On August 23, 2013, Watford had a call pass to attend the law library for an hour
and a half (Doc. 49-1 at p. 21). Before going to the library, Watford and other inmates
were placed in a bullpen area for about 45 minutes (Id.). Once the inmates arrived in the
law library, they were given an assigned seat and were not allowed to get up (Id. at p. 23).

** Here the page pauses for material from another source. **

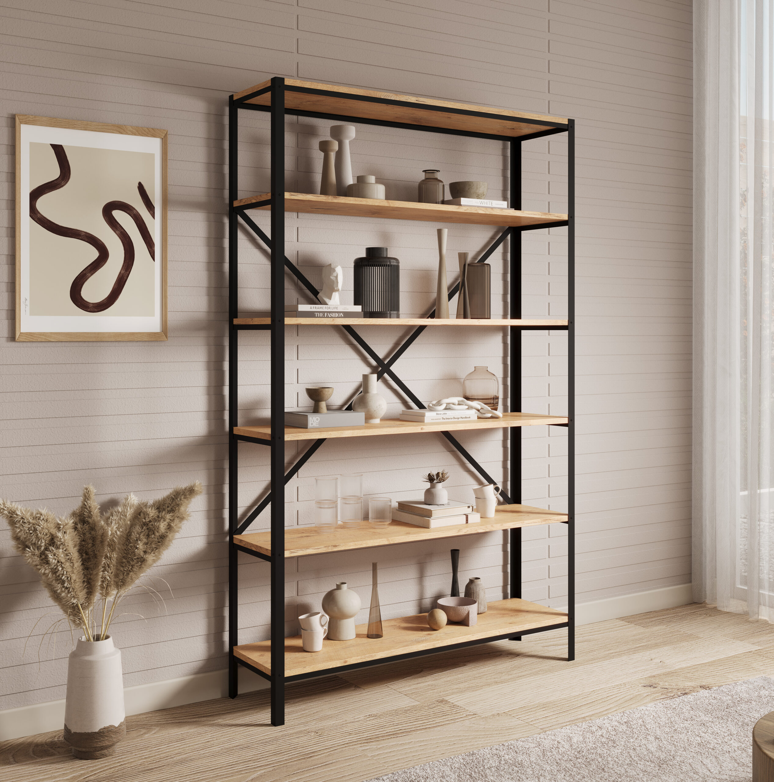 Ha modern/loft stílust szeretsz: fém vázas, fa hatású polcos kialakítás remek választás.

Watford testified that inmates were not allowed to leave the law library to use the
bathroom (Id. at pp. 24-25).
About 15 minutes after entering the law library, Watford felt the urge to use the
bathroom and had a burning sensation in his side and kidney area (Id. at 29). He also had
spasms in his bowels and pain in his stomach (Id.). Watford testified that he told
Defendant Kellie Ellis that he needed to use the restroom, but she told him “no, you just
got here.” (Id. at p. 30). Defendants Brad Bramlett and Tonya Knust, assistant paralegals,
also told him no (Id.). Watford then “just sat there and suffered” until he could return to
his cell (Id. at pp. 32-33).
Defendant Ellis attested that prior to about May or June 2013, inmates could freely
walk around the library and use the restroom without permission (Doc. 49-2). The policy
changed, however, when inmates were found destroying and defacing law books and
2
H. pylori is a bacterial stomach infection that can cause abdominal pain, nausea, loss of appetite, bloating,
frequent burping, and unintentional weight loss. See Helicobacter pylori (H. pylori) infection, MAYO CLINIC,
https://www.mayoclinic.org/diseases-conditions/h-pylori/symptoms-causes/syc-20356171 (last visited
Sept. 11, 2019).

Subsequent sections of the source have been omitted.